Title: What is supply chain management?
Post by: Monirul Islam on July 30, 2018, 12:59:26 PM
Supply chain management (SCM) enables enterprises to source the raw materials or components needed to create a product or service and deliver that product or service to customers. The six components of SCM include:

Planning—Enterprises need to plan and manage all resources required to meet customer demand for their product or service. They also need to design their supply chain and then determine which metrics to use in order to ensure the supply chain is efficient, effective, delivers value to customers, and meets enterprise goals.
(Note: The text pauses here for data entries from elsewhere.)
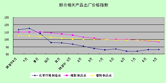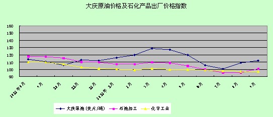 三季度以来,国家原油价格有所回升,大庆原油价格从7月份的101美元/桶回升到了112美元/桶。受此影响,石油产品价格指数和化工产品价格指数呈现止跌回稳态势,其中石油产品价格指数已逐渐回升到100以上,企业效益有所好转。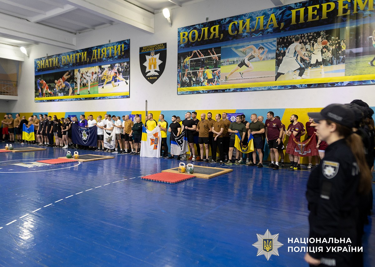 5 грудня на базі Житомирської академії поліції пройшов відкритий чемпіонат Головного управління Національної поліції в Житомирській області з гирьового спорту. Захід приурочений до Дня Збройних Сил України організований за ініціативи відділу професійного навчання УКЗ ГУНП. Метою змагань є зміцнення взаємодії та командного духу між підрозділами.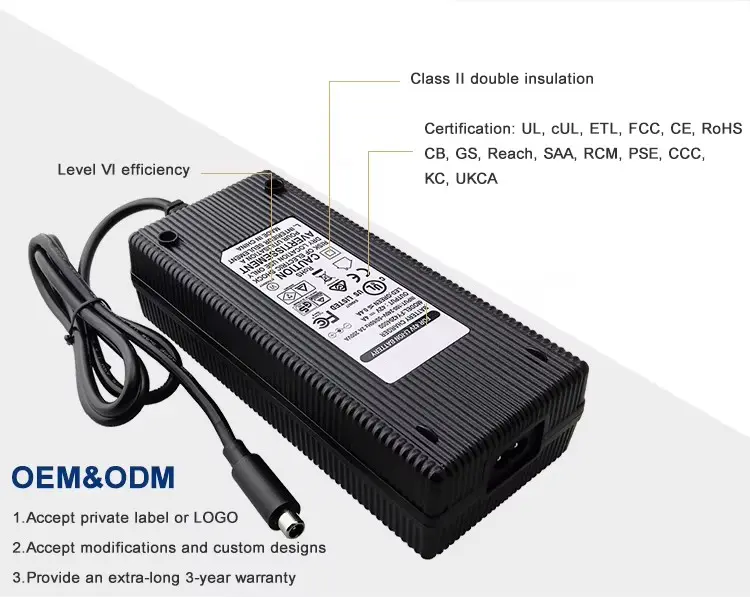 UL-, ETL-, CUL-, GS-, CE-, BS-, SAA-, KC-, PSE-, CB-, FCC-, EMC-, RoHS-, REACH-standardite järgi sertifitseeritud laadija pakub tõhusat, kiiret ja ohutut toidet nõudlike elektriseadmete jaoks.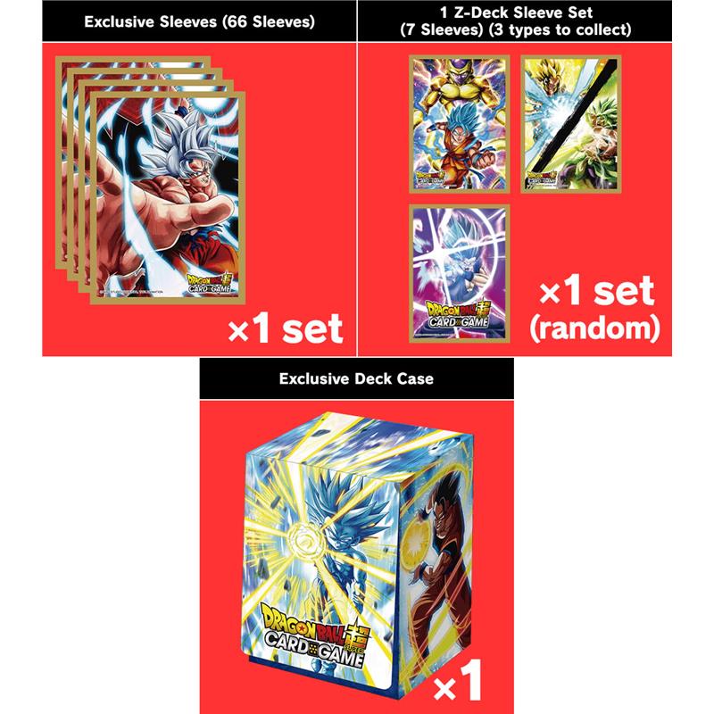 x5 -Alternative Art Card ×1 (3 types in total) -Exclusive Deck Case ×1 -Exclusive Sleeves ×66 -Exclusive Side Deck Sleeves (3 types in total) |

Sourcing—Companies must choose suppliers to provide the goods and services needed to create their product. After suppliers are under contract, supply chain managers use a variety of processes to monitor and manage supplier relationships. Key processes include ordering, receiving, managing inventory, and authorizing supplier payments.
Making—Supply chain managers coordinate the activities required to accept raw materials, manufacture the product, test for quality, package for shipping, and schedule for delivery. Most enterprises measure quality, production output, and worker productivity to ensure the enterprise creates products that meet quality standards.
Delivering—Often called logistics, this involves coordinating customer orders, scheduling delivery, dispatching loads, invoicing customers, and receiving payments. It relies on a fleet of vehicles to ship product to customers. Many organizations outsource large parts of the delivery process to specialist organizations, particularly if the product requires special handling or is to be delivered to a consumer's home.
Returning—The supplier needs a responsive and flexible network to take back defective, excess, or unwanted products.  If the produce is defective it needs to be reworked or scrapped.  If the product is simply unwanted or excess it needs to be returned to the warehouse for sale.
Enabling—To operate efficiently, the supply chain requires a number of support processes to monitor information throughout the supply chain and assure compliance with all regulations. Enabling processes include finance, HR, IT, facilities, portfolio management, product design, sales, and quality assurance.